Is the retirement of Space Shuttle Endeavour the loss of an American symbol? The shuttle ended its final mission yesterday, touching down at NASA’s Kennedy Space Center after a visit to the International Space Station. According to NASA, from its first flight in 1992 to its final one, Endeavour clocked a total of 299 days in space. It orbited the Earth almost 5,000 times and its odometer recorded over 122 million miles. Atlantis is now the last remaining space shuttle.
An image of the American flag is affixed to the sides of Endeavour, just aft its wing. This week on OurValues.org, we’re discussing Old Glory and other American symbols, such as the POW/MIA flag. The final flight and decommissioning of Endeavour got me thinking about the space shuttle itself: Is it an American symbol?
It many ways, it is. Endeavour stands for freedom, adventure, ingenuity, and scientific progress. It’s also a symbol of resilience in the face of tragedy—a theme we discussed yesterday with regards to the flag and the Joplin tornado. Endeavour was built as the replacement for Challenger, which exploded in flight in 1986.Some of the spare parts for Challenger were used in the construction of Endeavour.

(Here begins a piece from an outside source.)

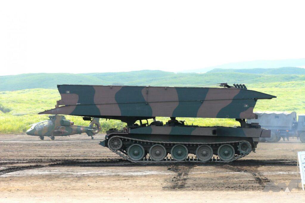 陸上自衛隊にも「91式戦車橋」がある。90式戦車(重量約50トン)を通行させる目的で開発された車両だ。90式戦車のほとんどは北海道の部隊に配備されている。90式戦車は冷戦時代に主に旧ソ連の脅威に備えた装備だから北海道に重点配備された。91式戦車橋もこれに合わせ、教育用車両などを除くほとんどが北方の施設科部隊に配備されている。

But in at least one way, Endeavour is not an American symbol. Its spelling is British, revealing its namesake: HMS Endeavour, Captain James Cook’s first ship. Cook was an 18th-century explorer, navigator, and astronomer. The name for the space shuttle was selected in a national competition of elementary and secondary school students. One of the virtues of the name Endeavour is that Cook’s voyage “established the usefulness of sending scientists on voyages of exploration,” says the Kennedy Space Center.
What do you think of the end of Space Shuttle Endeavour?
Is it the loss of an American symbol?